Required work:
In the records below, repeat word for word only the lines starting at the one that contains "CMS WordPress использована" and ending at the one that contains "干燥后的成品從旋風(fēng", pictures excluded.

(Beginning of Material provided)

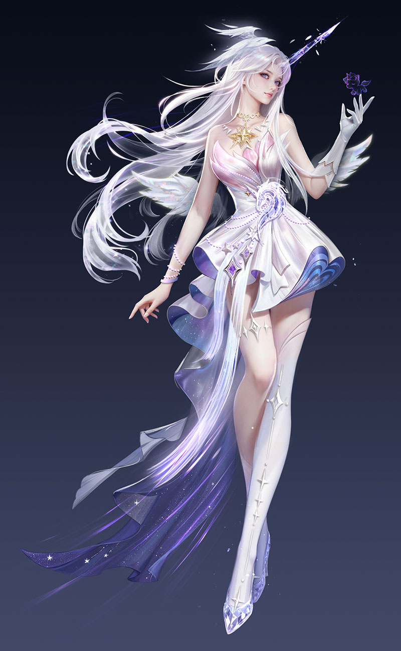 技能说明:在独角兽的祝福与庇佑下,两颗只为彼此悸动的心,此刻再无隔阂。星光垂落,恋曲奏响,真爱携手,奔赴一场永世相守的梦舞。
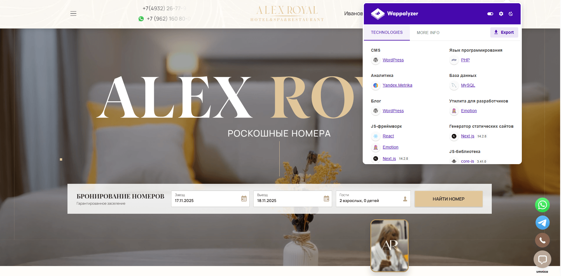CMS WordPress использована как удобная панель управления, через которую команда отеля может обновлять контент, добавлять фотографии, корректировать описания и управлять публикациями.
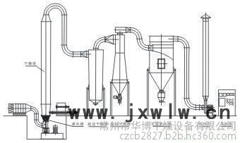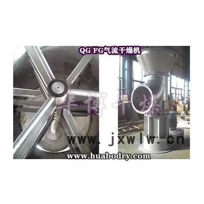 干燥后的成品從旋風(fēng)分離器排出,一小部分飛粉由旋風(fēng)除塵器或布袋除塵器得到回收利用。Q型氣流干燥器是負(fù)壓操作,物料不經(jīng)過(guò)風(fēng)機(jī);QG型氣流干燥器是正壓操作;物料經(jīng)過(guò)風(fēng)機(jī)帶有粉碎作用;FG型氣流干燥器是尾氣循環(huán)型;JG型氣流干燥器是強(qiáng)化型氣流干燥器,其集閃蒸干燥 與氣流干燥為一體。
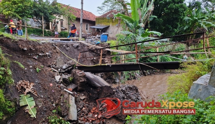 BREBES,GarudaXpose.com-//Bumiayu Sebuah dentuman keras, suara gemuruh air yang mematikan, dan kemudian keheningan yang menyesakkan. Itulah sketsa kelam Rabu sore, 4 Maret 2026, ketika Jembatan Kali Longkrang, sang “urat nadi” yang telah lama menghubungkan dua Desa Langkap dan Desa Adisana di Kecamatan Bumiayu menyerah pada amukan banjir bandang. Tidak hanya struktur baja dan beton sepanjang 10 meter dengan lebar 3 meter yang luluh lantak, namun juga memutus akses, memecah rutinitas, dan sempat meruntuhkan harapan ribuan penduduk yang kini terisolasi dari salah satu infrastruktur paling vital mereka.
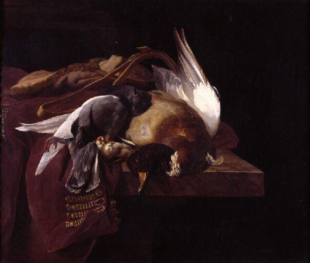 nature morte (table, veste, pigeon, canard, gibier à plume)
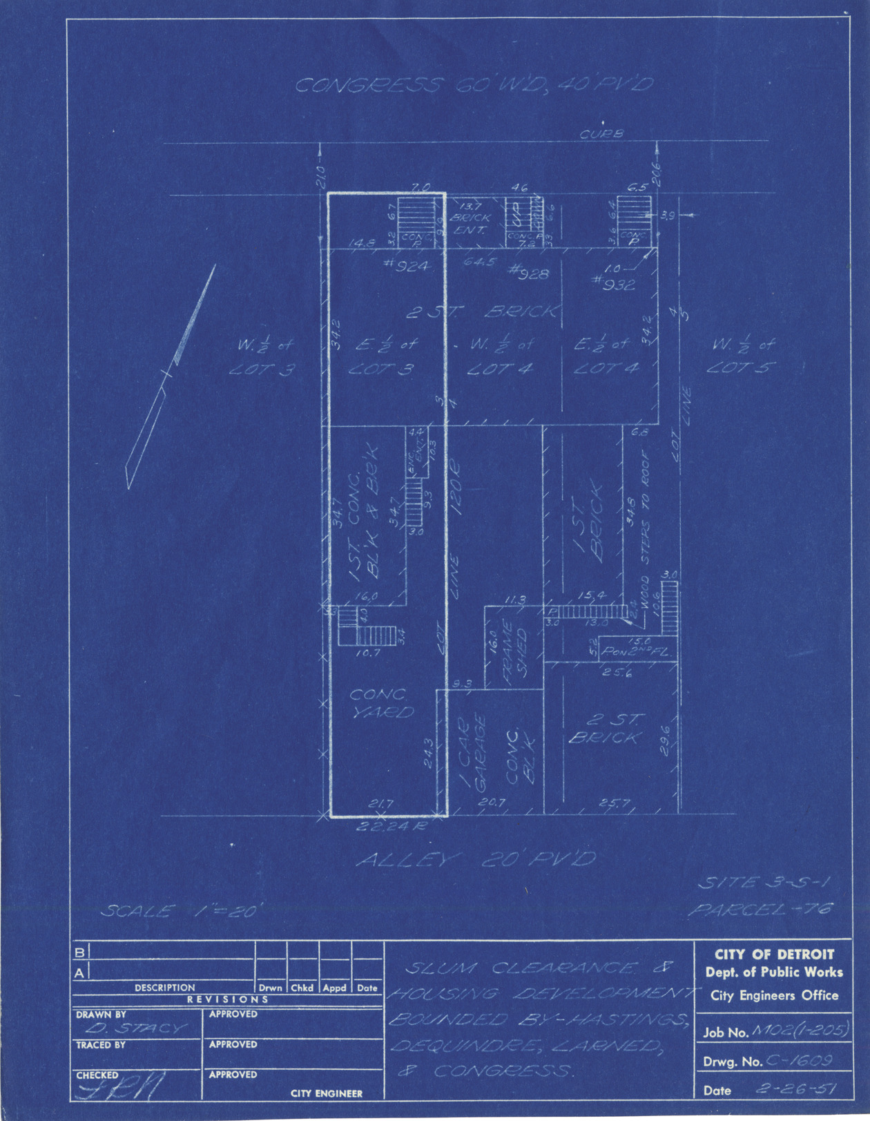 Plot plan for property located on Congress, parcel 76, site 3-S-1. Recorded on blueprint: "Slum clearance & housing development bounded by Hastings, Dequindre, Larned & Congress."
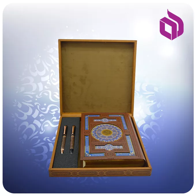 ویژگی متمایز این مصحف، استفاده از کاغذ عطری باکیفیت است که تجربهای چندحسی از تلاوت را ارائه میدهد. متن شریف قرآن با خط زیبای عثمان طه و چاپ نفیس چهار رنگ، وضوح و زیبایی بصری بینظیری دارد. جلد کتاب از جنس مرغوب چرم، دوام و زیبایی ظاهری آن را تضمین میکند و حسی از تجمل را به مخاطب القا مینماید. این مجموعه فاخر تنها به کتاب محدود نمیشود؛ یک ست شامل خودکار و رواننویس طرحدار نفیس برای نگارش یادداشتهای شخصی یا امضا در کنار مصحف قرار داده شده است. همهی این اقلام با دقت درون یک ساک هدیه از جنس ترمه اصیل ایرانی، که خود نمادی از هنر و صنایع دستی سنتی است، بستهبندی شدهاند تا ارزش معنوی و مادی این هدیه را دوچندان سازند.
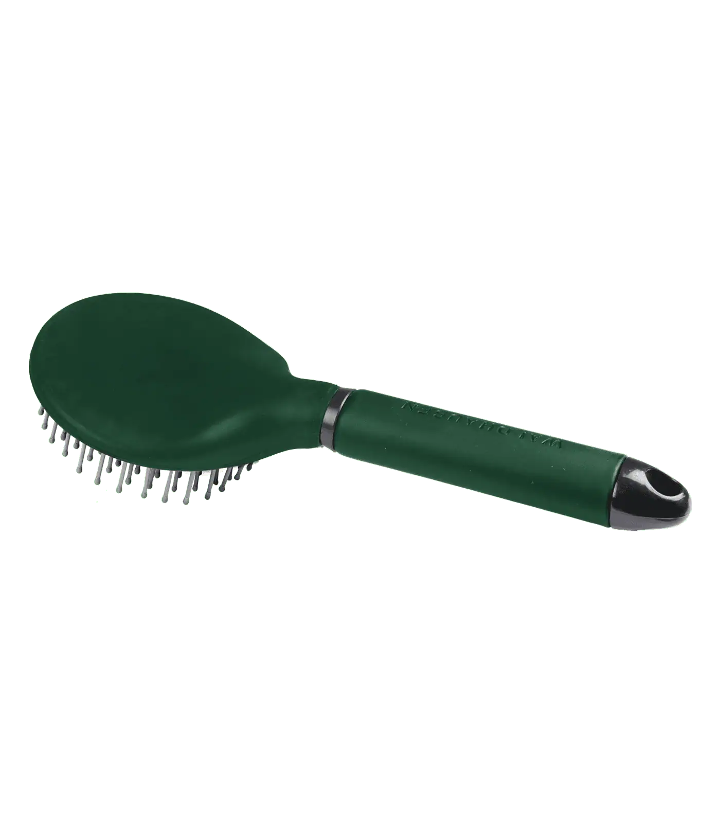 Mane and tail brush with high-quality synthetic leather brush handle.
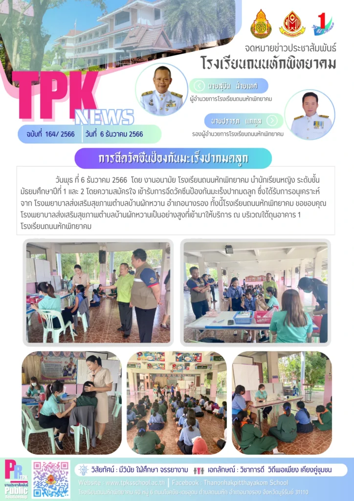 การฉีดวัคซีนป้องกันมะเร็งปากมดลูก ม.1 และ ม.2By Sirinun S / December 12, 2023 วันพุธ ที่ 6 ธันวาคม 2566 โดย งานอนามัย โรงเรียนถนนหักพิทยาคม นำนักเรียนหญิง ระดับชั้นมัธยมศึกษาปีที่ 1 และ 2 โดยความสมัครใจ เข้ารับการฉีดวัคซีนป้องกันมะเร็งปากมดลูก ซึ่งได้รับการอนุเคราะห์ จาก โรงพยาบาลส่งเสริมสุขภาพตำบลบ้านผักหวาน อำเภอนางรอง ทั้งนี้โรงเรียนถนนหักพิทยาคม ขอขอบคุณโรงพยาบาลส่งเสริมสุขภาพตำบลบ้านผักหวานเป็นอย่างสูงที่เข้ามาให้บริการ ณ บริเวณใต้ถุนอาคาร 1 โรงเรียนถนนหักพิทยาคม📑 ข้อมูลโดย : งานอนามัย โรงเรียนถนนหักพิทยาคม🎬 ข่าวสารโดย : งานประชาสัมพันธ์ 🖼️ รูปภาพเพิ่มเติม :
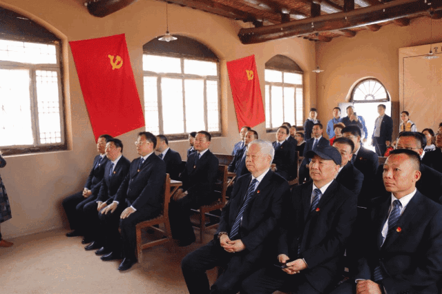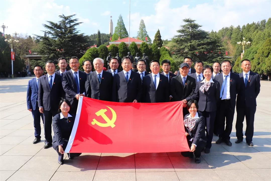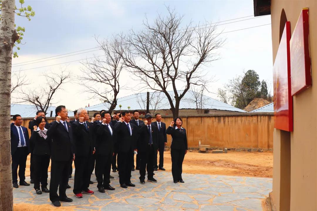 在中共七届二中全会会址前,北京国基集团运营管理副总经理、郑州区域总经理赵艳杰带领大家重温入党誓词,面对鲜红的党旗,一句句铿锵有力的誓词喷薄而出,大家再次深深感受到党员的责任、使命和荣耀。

(End of Material provided)

Answer section:
CMS WordPress использована как удобная панель управления, через которую команда отеля может обновлять контент, добавлять фотографии, корректировать описания и управлять публикациями.
 干燥后的成品從旋風(fēng)分離器排出,一小部分飛粉由旋風(fēng)除塵器或布袋除塵器得到回收利用。Q型氣流干燥器是負(fù)壓操作,物料不經(jīng)過(guò)風(fēng)機(jī);QG型氣流干燥器是正壓操作;物料經(jīng)過(guò)風(fēng)機(jī)帶有粉碎作用;FG型氣流干燥器是尾氣循環(huán)型;JG型氣流干燥器是強(qiáng)化型氣流干燥器,其集閃蒸干燥 與氣流干燥為一體。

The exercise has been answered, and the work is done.